--- WHAT TO DO ---
Copy the data precisely, character for character, and leave out every picture.

--- DATASET EXTRACT ---
____
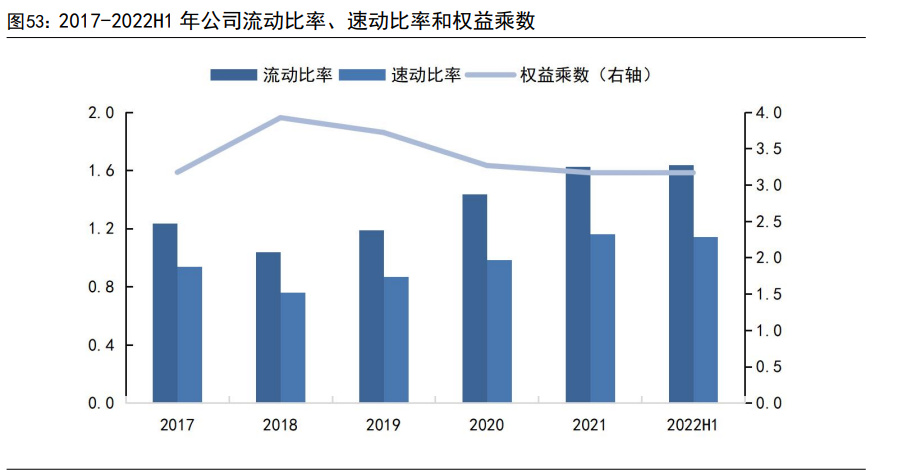 2022 年上半年公司流动比率、速动比率分别为 1.63、1.14,较2021 年基本保持稳定。2018 年-2021 年公司流动比率和速动比例呈现上升趋势,表示公司的流动风险持续改善。
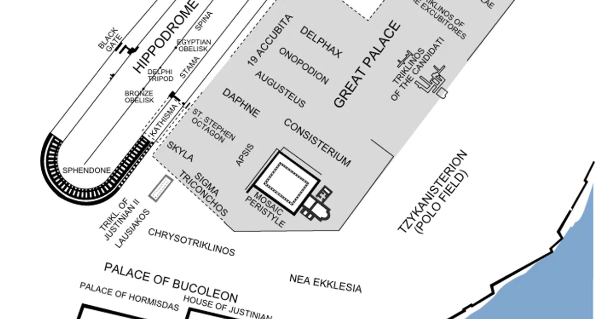 A plan showing the layout and location of the Hippodrome of Constantiople, in use from the 3rd to 13th century CE.
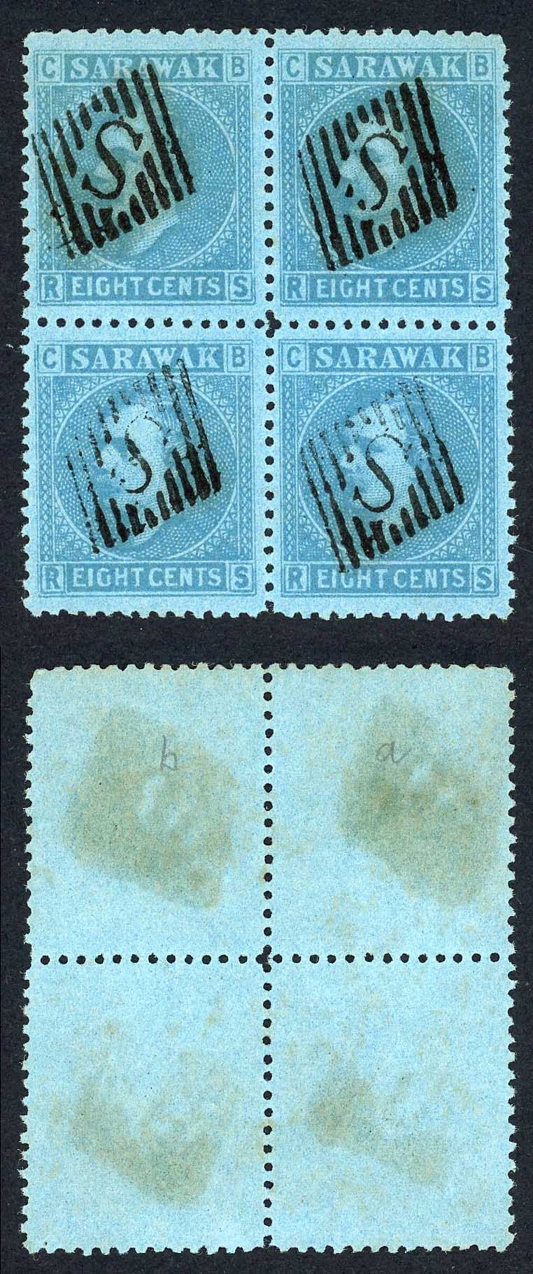 Sarawak SG6 8c Bright Blue/blue Fine used Block
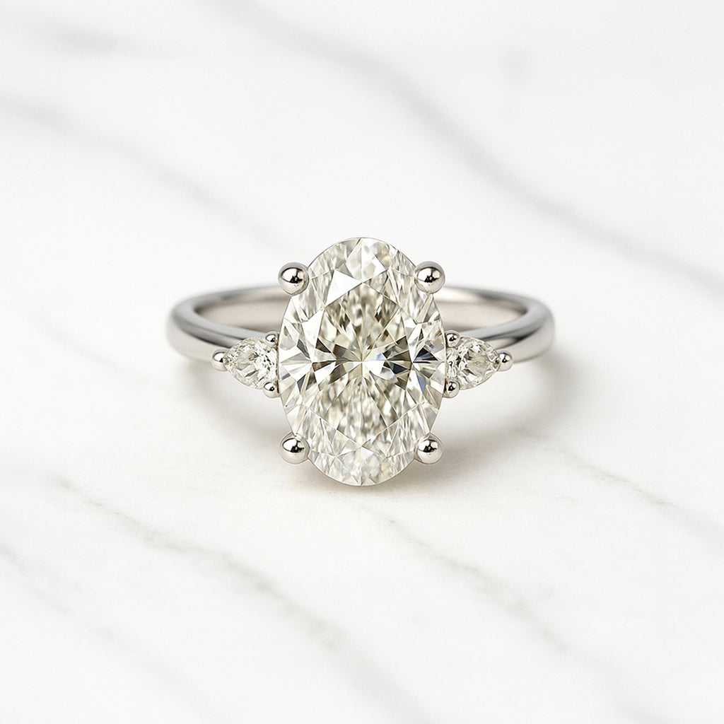 Our classic oval and pear cut diamond engagement rings feature a hand picked, ultra high spec, certified, lab grown main diamond and our signature London Diamonds setting.
____
--- SOLUTION ---
 2022 年上半年公司流动比率、速动比率分别为 1.63、1.14,较2021 年基本保持稳定。2018 年-2021 年公司流动比率和速动比例呈现上升趋势,表示公司的流动风险持续改善。
 A plan showing the layout and location of the Hippodrome of Constantiople, in use from the 3rd to 13th century CE.
 Sarawak SG6 8c Bright Blue/blue Fine used Block
 Our classic oval and pear cut diamond engagement rings feature a hand picked, ultra high spec, certified, lab grown main diamond and our signature London Diamonds setting.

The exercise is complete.